================================================================================
DE VRIES SUMMARIES
================================================================================

Version 1.0
October 2007

Sandra de Vries & Erwin Marsi
Dept of Communication & Information Sciences
Tilburg University
The Netherlands
e.c.marsi@uvt.nl

*** If you use this data, we would be interested to hear about it!  ***


--------------------------------------------------------------------------------
Abstract
--------------------------------------------------------------------------------

This is a collection of Dutch summarization data. The source text
consist of 6 short texts. For each text, the "clauses" were ranked on a
three point scale (very important, less important, unimportant) by 25
participants. In addition, the participants wrote as summary of the text. 

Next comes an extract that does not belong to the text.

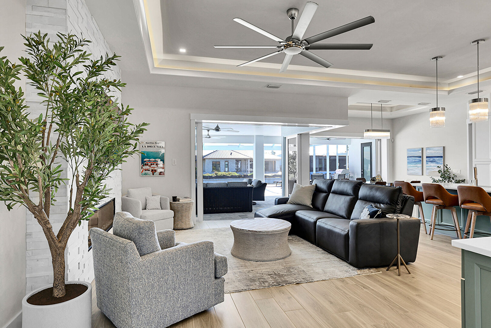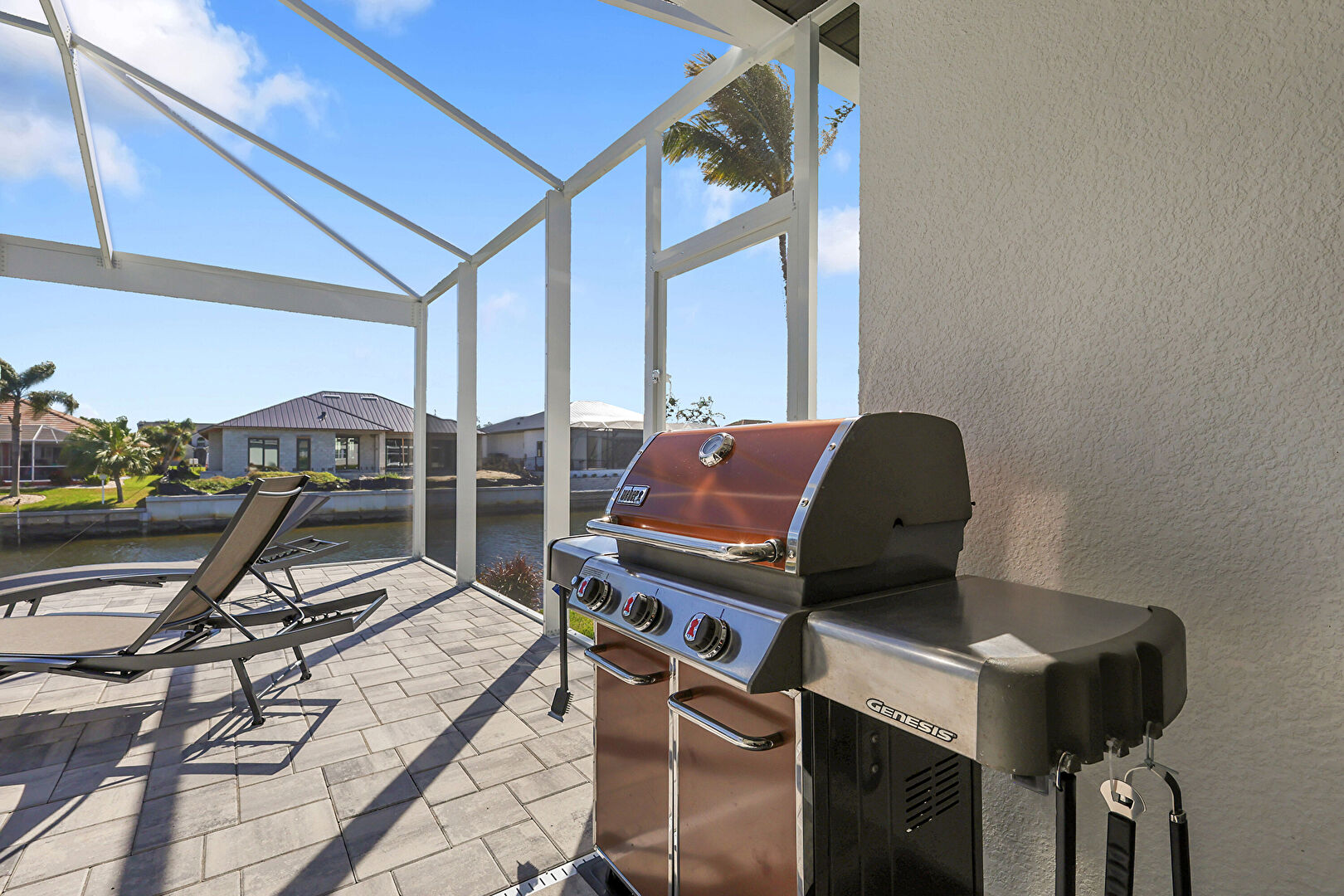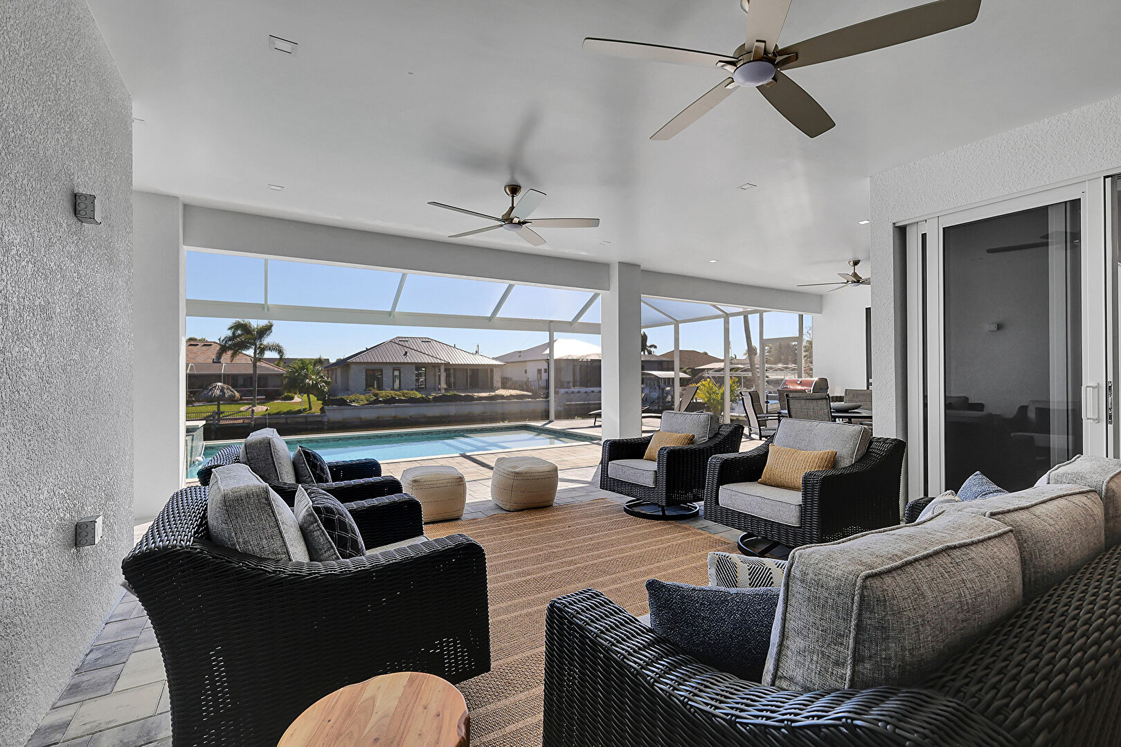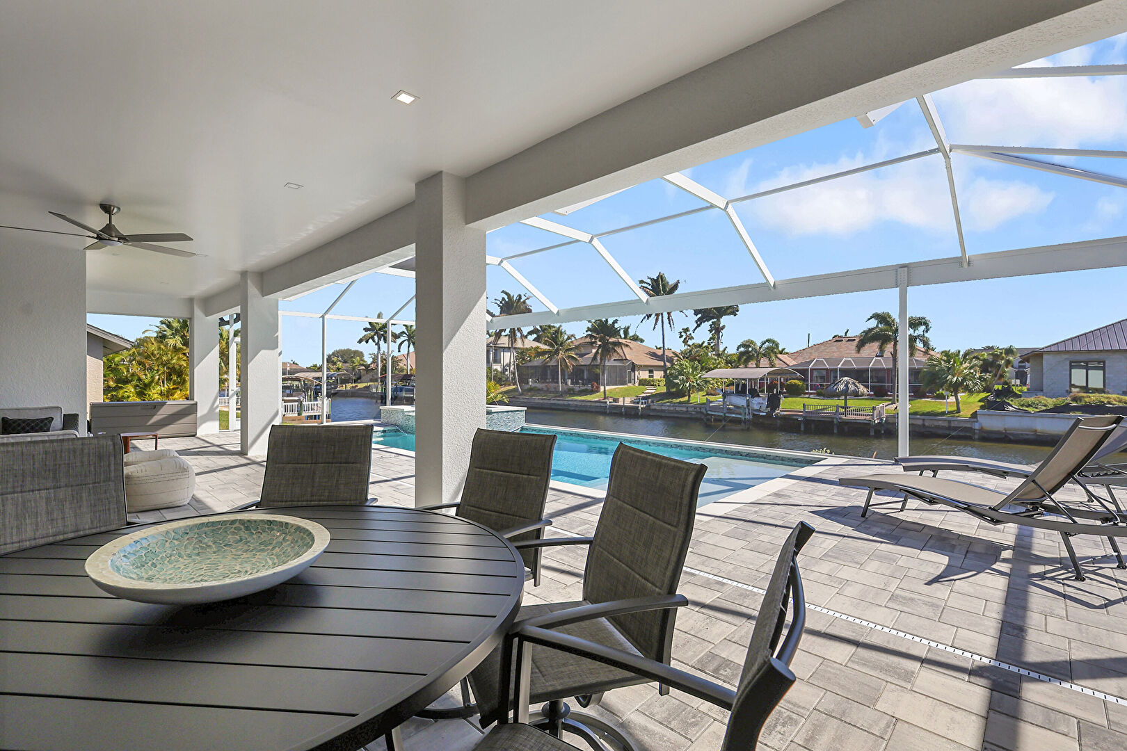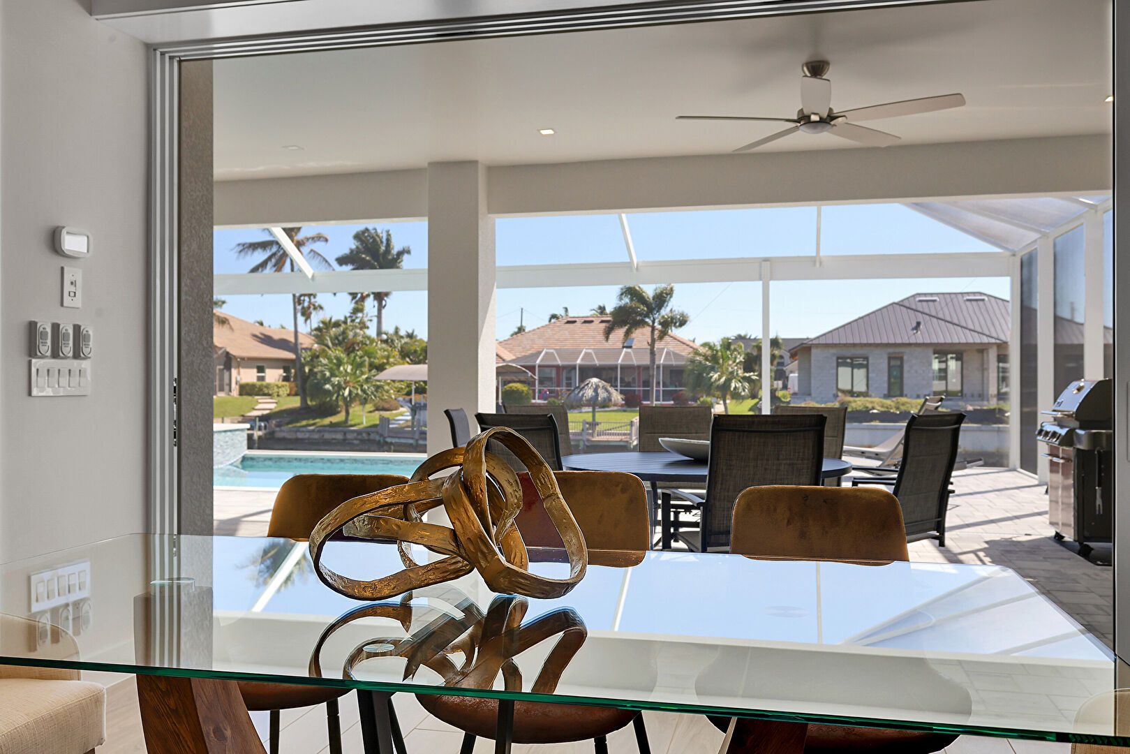Ceiling Fan, L Shaped Kitchen, Lanai, Outdoor Dining Area, Outdoor Living Space, Patio, Pool, Residential View, Sunroom, Water View, Waterfront, Grill, Outdoor Dining Area, Outdoor Living Space, Patio, Textured Wall, Water View

--------------------------------------------------------------------------------
Thesis directory
--------------------------------------------------------------------------------

This readme file provides an overview of the data. Details (e.g. the
exact instruction given to participants) are in the file
thesis/scriptie.pdf which is the thesis in Dutch. If you are not a
member of the select group of speakers of this endangered language, we
are happy to answer your questions :-)


--------------------------------------------------------------------------------
Texts directory
--------------------------------------------------------------------------------

The directory contains the six source texts. Each text is in a
separate file. Character encoding in utf-8. Texts are segmented in
Elementary Discourse Units (EDU's) according to Rhetorical Structure
Theory. Each line consist of a segment number, a tab char, and the
segment s's text.


--------------------------------------------------------------------------------
Rankings directory
--------------------------------------------------------------------------------

The units were ranked on a three point scale (very important, less
important, unimportant) by 25 participants. All participants were
native speakers of Dutch, varying in sex, age and level of
education. Each ranking is in a separate file.  Each line starts with
the participants number (1 to 25) followed by N rankings (depending on
the length of the source text). Columns are tab delimited.


--------------------------------------------------------------------------------
Abstracts directory
--------------------------------------------------------------------------------

This directory contains the raw texts (i.e. not tokenized and without
end-of-sentence boundaries) of the summaries produced by the same 25
subjects. Character encoding is utf-8.